After I left the meeting I had to get my crew and myself some food and so my focus shifted immediately to local needs and the celebration was short lived. . Such is life.
Yesterday I gifted myself with a down day. I did a few urgent things but otherwise stayed in my morning “lounge” clothes all day. I didn’t, walk, write, wear a bra, shower, put on makeup, or start any new project or take on any chores outside of doing the dishes and collecting recycles and trash. I had minimal communication with people. Which is probably the best way for me to decompress, think, and relax.

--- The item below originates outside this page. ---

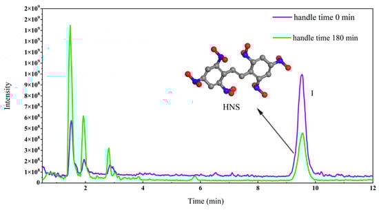 In this investigation, the research group utilized hydrodynamic cavitation (HC) technology combined with chlorine dioxide oxidation for the degradation of HNS. Wastewater samples for analysis were collected at the start (0 min) and end (180 min) of the reaction process. To verify the feasibility of the HPLC conditions, a gradient elution system using an ammonium acetate solution and acetonitrile in a 45:55 ratio, with a flow rate of 0.5 mL/min, was employed. The mass spectrometry conditions were set to the electrospray negative ion mode. The detection parameters for the HPLC-MS are listed in Table 8, and the results are presented in Figure 7 and Figure 8.

As I approached dinner time, having finished episode 5 of the season of the bachelor I’m binging right now, I made the dinners, and decided I would celebrate a little with a glass of wine. That glass turned into 2 or 3 and I subsequently had an early end to my evening. My people know that when I start sleep talking from a half supine position on the couch it’s time to get me to bed.
It’s good to have people who know when to get you to bed, even if it’s only 9pm. I was still lucid enough to catch Jim taking video of me rambling and I’m sure that will be very entertaining to watch this evening. I’m sure he was disappointed that our celebration dissolved so quickly. It’s proof that one of my priorities this year will be to fix my sleep.
That’s another thing I gifted myself with not thinking about yesterday. The new year and resolutions, goals, measurements. But I did have a brief text with my accountability partner, T, and promised to pick up this week where we left off last year.
As we approached the holidays, things just started getting too busy and moving too fast, for us both I think. Time to recalibrate and regroup!
This is the first thing I began thinking about on my walk this morning. It’s not the first thing I wrote about obviously.. but it is something I want to get into with a quickness.
Unfortunately, my kids and kittens and my husband who isn’t even here have other ideas. I suppose one of my main objectives is better life balance so it’s fitting I have to cut this walk and blog short. So much is being abbreviated because there’s not enough time. Such is life.